Ojciec poderwał gwałtownie obie ręce, jakby chciał wbić nóż i widelec w opasły brzuch obcego. Gestem tym dostatecznie wyraził swoje oburzenie – a jednak wąsacz ani drgnął. Jego wąsy nie przypominały przystrzyżonego w kwadrat czarnego zarostu pod nosem Hitlera, lecz raczej fantazyjny, podkręcony na końcach biały wąs prezydenta Tafta z jasnoczerwonego znaczka za pięćdziesiąt centów z trzydziestego ósmego roku.
– Drugiego takiego pyskatego Żydziska z nadmiarem władzy… – zaczął grubas.
– Dość tego! – krzyknął pan Taylor i zerwawszy się z miejsca, stanął, chociaż taki był malutki, między zwalistą postacią obcego a moim wściekłym ojcem, przyciśniętym do stolika przez napierający na niego komiczny duet.
Pyskate Żydzisko. Po raz drugi w ciągu niespełna czterdziestu ośmiu godzin.
Dwaj odziani w fartuchy mężczyźni zza bufetu wyskoczyli na salę i ujęli pod pachy naszego napastnika.
– To nie saloon na pańskim zadupiu – skarcił go jeden. – i niech pan o tym nie zapomina.
Doprowadzili go do stolika, wcisnęli w krzesło, a potem ten, który go zbeształ, podszedł do nas i powiedział:
– Proszę częstować się kawą bez ograniczeń. Przyniosę chłopcom jeszcze po jednej porcji lodów. Niech państwo spokojnie kończą kolację. Ja tu jestem właścicielem, nazywam się Wilbur i oferuję państwu wszystkie desery na koszt firmy. Zaraz podam świeżej wody z lodem.
– Dziękuję – odparł na to mój ojciec dziwnie sztucznym głosem, jak z automatu. – Dziękuję – powtórzył. – Dziękuję.
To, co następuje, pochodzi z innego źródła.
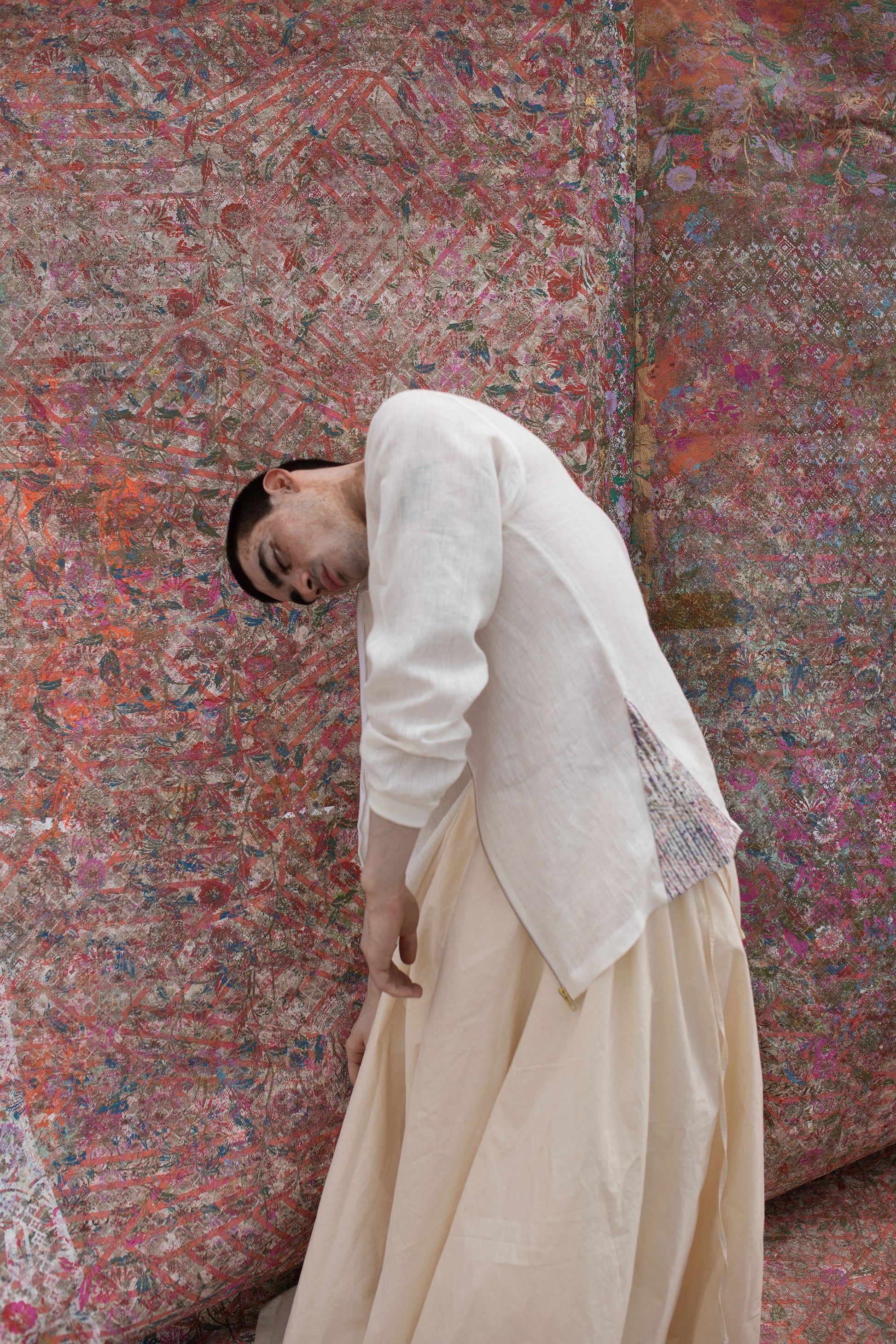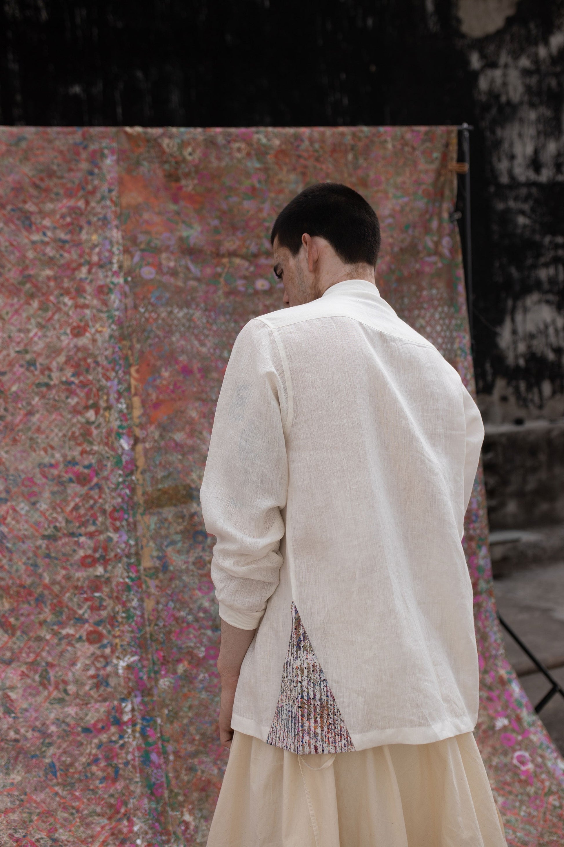 The Patina Collection is created using soft handwoven Bhagalpuri linen. These textiles are highlighted with different geometrical textures and patterns in different colors using recycled hand block print using hand carved traditional wooden blocks from Sanganer. This shirt has a Patina block printed one-of-a-kind fabric side godet detail. Kindly note that this product is a regular fit. Hand Wash/Dry Clean recommended.
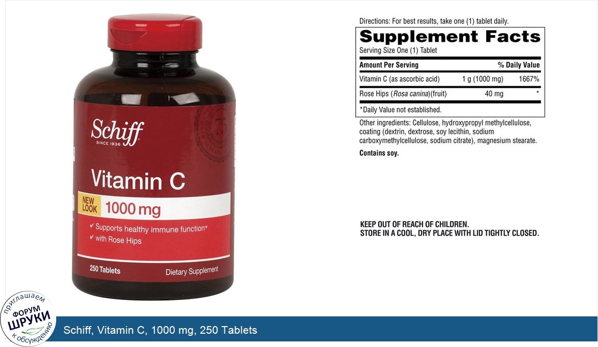 Друзья, если у вас есть отзыв/дополнение/комментарий/вопрос относительно Schiff, Vitamin C, 1000 mg, 250 Tablets - напишите его ответом в эту тему (это будет полезно всему сообществу в целом и вам в отдельности).
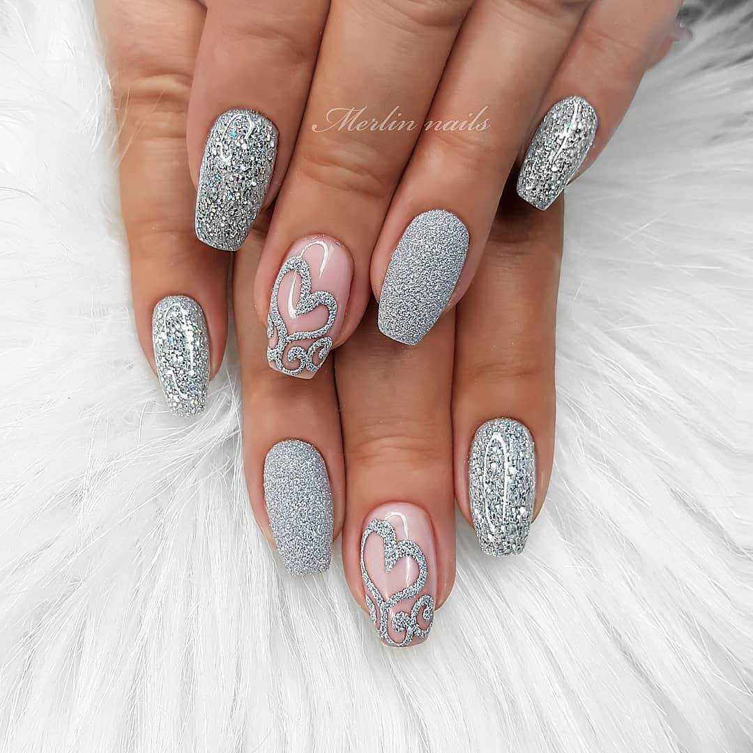 Серебряный маникюр довольно холодный. Он хорошо подойдет не первую половину весны, где еще цепкая зима не успела разжать свои когти. Большая длина ногтей раскрывает цвет серебра в полную силу. Здесь также можно использовать различные серебряные блестки, стразы с обязательно серебряным оттенком.
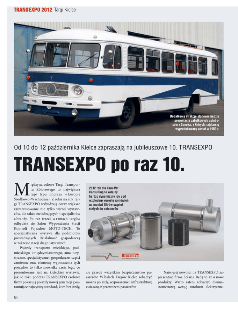 Transexpo 2012 Targi Kielce Dodatkową atrakcję stanowić będzie prezentacja zabytkowych autobusów z Sanoka, z których najstarszy wyprodukowany został w 1959 r. Od 10 do 12 października Kielce zapraszają na jubileuszowe 10. TRANSEXPO TRANSEXPO po raz 10. M iędzynarodowe Targi Transportu Zbiorowego to największa tego typu impreza w Europie Środkowo-Wschodniej. Z roku na rok targi TRANSEXPO wzbudzają coraz większe zainteresowanie nie tylko wśród wystawców, ale także zwiedzających i specjalistów z branży. Po raz trzeci w ramach targów odbędzie się Salon Wyposażenia Stacji Kontroli Pojazdów MOTO-TECH. To specjalistyczna wystawa dla podmiotów prowadzących działalność gospodarczą w zakresie stacji diagnostycznych. Pojazdy transportu miejskiego, podmiejskiego i międzymiastowego, auta turystyczne, specjalistyczne i gospodarcze, części zamienne oraz elementy wyposażenia tych pojazdów to tylko niewielka część tego, co prezentowane jest na kieleckiej wystawie. Jak co roku podczas TRANSEXPO czołowe firmy pokazują pojazdy nowej generacji gwarantujące najwyższy standard, komfort jazdy, 54 2012 rok dla Euro-Vat Consulting to kolejny bardzo dynamiczny rok pod względem wzrostu zamówień na montaż filtrów cząstek stałych do autobusów ale przede wszystkim bezpieczeństwo pasażerów. W halach Targów Kielce zobaczyć można pojazdy, wyposażenie i infrastrukturę związaną z przewozem pasażerów. Najwięcej nowości na TRANSEXPO zaprezentuje firma Solaris. Będą to aż 4 nowe produkty. Warto zatem zobaczyć dwunastometrową wersję autobusu elektryczne- go. Całkowicie bezemisyjny i bardzo cichy pojazd napędzany jest energią elektryczną. Firma z Bolechowa zaprezentuje także Solaris InterUrbino, nowy autobus międzymiastowy, Solaris Urbino Ü (od niemieckiego słowa Überland międzymiastowy) w wersji niskopodłogowej oraz Solaris Urbino 18,75 – najdłuższy z produkowanych przez firmę Solaris pojazdów. Wybrane propozycje wystawowe Auto-CUBY Tradycyjnie w Kielcach nie zabraknie firmy Auto-CUBY. Firma zaprezentuje nowość – autobus turystyczny na bazie MercedesBenz Sprinter z przedłużonym tyłem nadwozia o 400 mm i maksymalną liczbą 24 miejsc siedzących łącznie z kierowcą. Produkcję tego modelu umożliwiło uzyskanie certyfikatu COC 2007/46 na 5,5 tony masy całkowitej bez retardera. Zdaniem szefów firmy jest to optymalne rozwiązanie dla małych i średnich firm transportowych. Auto-CUBY zaprezentuje również sztandarowe zabudowy w wersji VIP oraz City. Euro-Vat Consulting 2012 rok dla Euro-Vat Consulting to kolejny bardzo dynamiczny rok pod względem wzrostu zamówień na montaż filtrów cząstek stałych do autobusów. Największym sukcesem jest jednak wzrost świadomości posiadaczy samochodów osobowych, którzy coraz rzadziej decydują się na usunięcie filtra w sytuacji jego awarii. Zdają sobie oni sprawę z konsekwencji oraz wiedzą, że taniej jest naprawić fap/dpf, niż go usunąć. Nadal jeszcze trudno przekonać do regeneracji tej części pojazdu mechaników serwisów, którzy wolą filtr wymienić na nowy. Groeneveld Podczas jubileuszowej, 10. już edycji Targów Transexpo zwiedzający Halę E będą mogli zobaczyć i zapytać zarówno o nowości, jak i standardowe rozwiązania Groeneveld. Szczególną uwagę ma przykuwać unowocześniona kamera Greensight, mająca swoją premierę na rajdzie Dakar 2012. Kamerę opracowano i wyprodukowano we włoskiej fabryce producenta. W kamerze nowej gene- Szczególną uwagę ma przykuwać unowocześniona kamera Greensight, mająca swoją premierę na rajdzie Dakar 2012 racji zastosowano technologię CMOS, która w połączeniu z wysoką rozdzielczością monitora, zapewnia doskonały obraz zarówno w nocy, jak i w dzień, również w trudnych warunkach pogodowych. Dzięki wprowadzeniu ulepszeń technicznych Greensight przyczynia się jeszcze bardziej do znacznego obniżania wypadkowości w otoczeniu autobusu. Groeneveld zaprezentuje również i te produkty, które uzyskały uznanie użytkowników. Pokazane zostaną systemowe rozwiązania automatycznego smarowania tj. SingleLine na smar EP-0 czy OnePlus na smar klasy EP-2. Będzie można również obejrzeć system dozowania oleju Oilmaster, efektywnie eliminujący ręczną kontrolę poziomu oleju i konieczność jego uzupełniania. Warto dodać, iż w ofercie produktowej Groeneveld znajdziemy różnej klasy, ale nie jakości, smary GreenLube gwarantujące wysoką ochronę elementom smarowanym przed różnorakimi zanieczyszczeniami oraz wilgocią. Jak co roku podczas TRANSEXPO czołowe firmy pokazują pojazdy nowej generacji AUTOSAN Firma z Sanoka w bieżącym roku obchodzi jubileusz 180-lecia. Z tego powodu producent organizuje w Kielcach dwa stoiska: jedno ze swoimi najnowszymi wyrobami, a drugie prezentujące historyczne autobusy rodem z Sanoka. Pierwszym z prezentowanych pojazdów AUTOSAN jest 9-metrowy niskowejściowy SANCITY 9LE, jeden z autobusów w ramach kontraktu na dostawy dla MPK Lublin. Wyposażony jest w silnik Cummins Euro 5 EEV, automatyczną skrzynię biegów ALLISON, 56 miejsc pasażerskich w tym 17 siedzących, klimatyzację, system monitoringu. Drugi eksponat z AUTOSAN to LIDER 9 eco – kolejna, ale jeszcze nieostateczna modernizacja dobrze znanego międzymiastowego TRAMP-a, który łączy w sobie zarówno sprawdzone konstrukcje, jak i nowoczesne rozwiązania. Autobus wyposażony jest w silnik IVECO NEF EEV oraz manualną skrzynię biegów, przewozić może 53 pasażerów, w tym 35 na uchylnych fotelach pasażerskich. Dodatkowe wyposażenie autobusu obejmuje: klimatyzator, tablice elektroniczne, audio-video, system gaszenia pożaru w komorze silnika, alkotester, WiFi i CB Radio. Prezentację uzupełnia międzymiastowy 9-metrowy GEMINI, zakupiony przez firmę Neobus, wyposażony w silnik Cummins Euro 5 EEV, manualną skrzynię biegów oraz 29 foteli pasażerskich. Dodatkową atrakcję stanowić będzie prezentacj
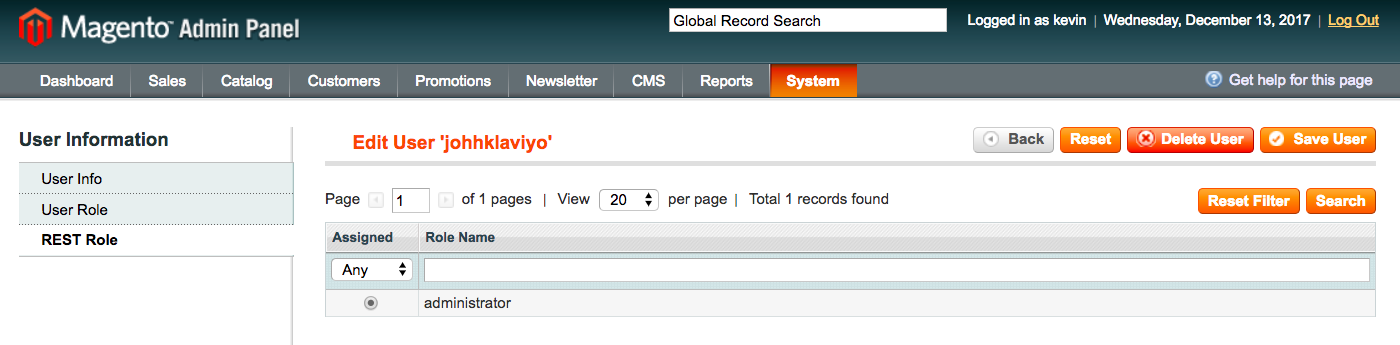 - Clique no botão de opção para atribuir a nova função de administrador REST ao seu usuário.
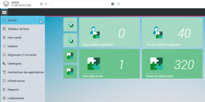 Le volet Architecture des applications donne accès au menu Architecture fonctionnelle, pour décrire les systèmes applicatifs du système d'information.
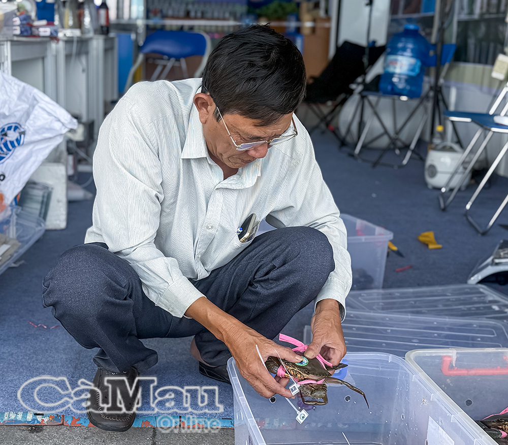 Ông Nguyễn Hoàng Ân gắn mã QR cho cua.
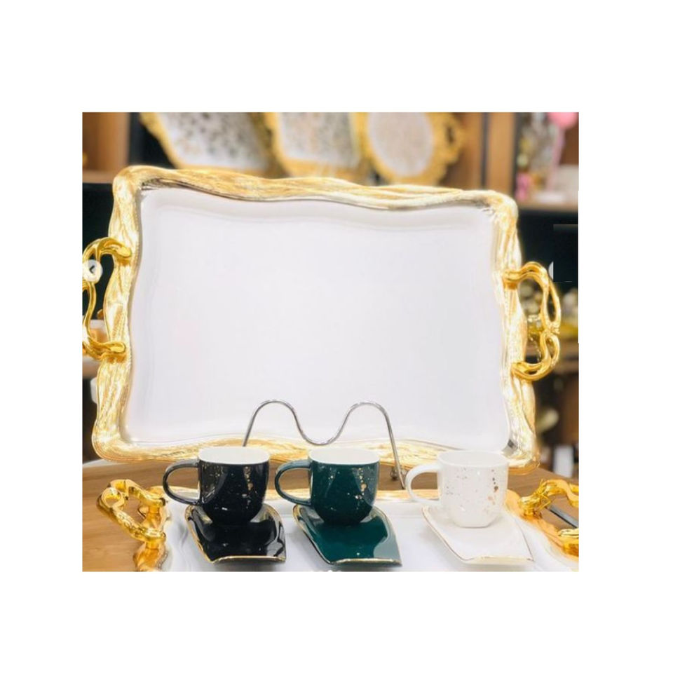 ตกแต่งโต๊ะถาดเสิร์ฟอาหารพร้อมที่จับสง่างามคลาสสิกบ้านบนโต๊ะอาหารขนมหวานสําหรับบ้านและโรงแรมอุปกรณ์เสริม
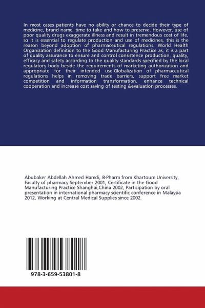 In most cases patients have no ability or chance to decide their type of medicine, brand name, time to take and how to preserve. However, use of poor quality drugs exaggerate illness and result in tremendous cost of life, so it is essential to regulate production and use of medicines, this is the reason beyond adoption of pharmaceutical regulations. World Health Organization definition to the Good Manufacturing Practice as, it is a part of quality assurance to ensure and control consistence production, quality, efficacy and safety according to the quality standards specified by the local regulatory body beside the requirements of marketing authorization and appropriate for their intended use Globalization of pharmaceutical regulations helps in removing trade barriers, support free market competition and information transformation, enhance technical cooperation and increase cost saving of testing &evaluation processes.
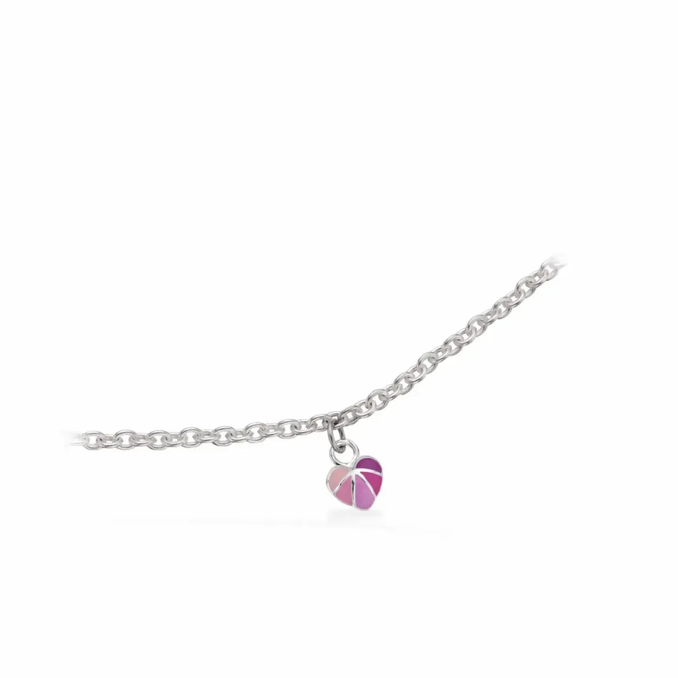 Børnearmbånd i sølv med et lyserødt og lilla hjerte vedhæng. Armbåndet måler 17cm men med mulighed for at lukke det på 14cm.
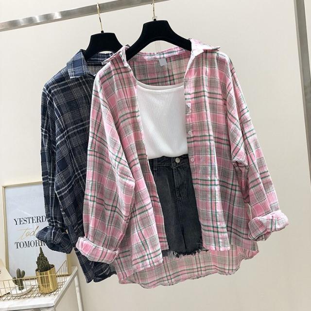 長袖チェックシャツ トップス シャツ 袖あり 襟付き 前開き ポリエステル かわいい 大人可愛い シンプル カジュアル おしゃれ お洒落 ラフ とろみ感 チェック柄 春 夏 秋 10代 20代 30代 レディース 学生 通学 デート お出かけ 公園デビュー 女子会 休日 着回し 普段使い 韓国 韓国系 オルチャン サイズ S M L XL 2XL 色展開 ピンク ネイビー
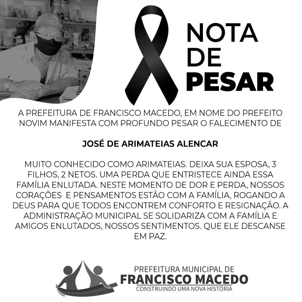 “A PREFEITURA DE FRANCISCO MACEDO, EM NOME DO PREFEITO NOVIM MANIFESTA COM PROFUNDO PESAR O FALECIMENTO DE JOSÉ DE ARIMATEIAS ALENCAR, MUITO CONHECIDO COMO ARIMATEIAS.

– Herman, proszę cię – szepnęła matka. – Wyjdźmy stąd.
– Mowy nie ma. Absolutnie. Kończymy jedzenie. – Odchrząknął i po chwili dodał: – Dziś zwiedzamy Waszyngton nocą. Nie wracamy do domu, póki nie zwiedzimy Waszyngtonu nocą.
Innymi słowy, wieczór miał dobiec końca zgodnie z planem, a my mieliśmy nie dać się zastraszyć. Dla Sandy’ego i dla mnie oznaczało to dodatkowe wielkie porcje lodów, podane do stolika przez jednego z bufetowych.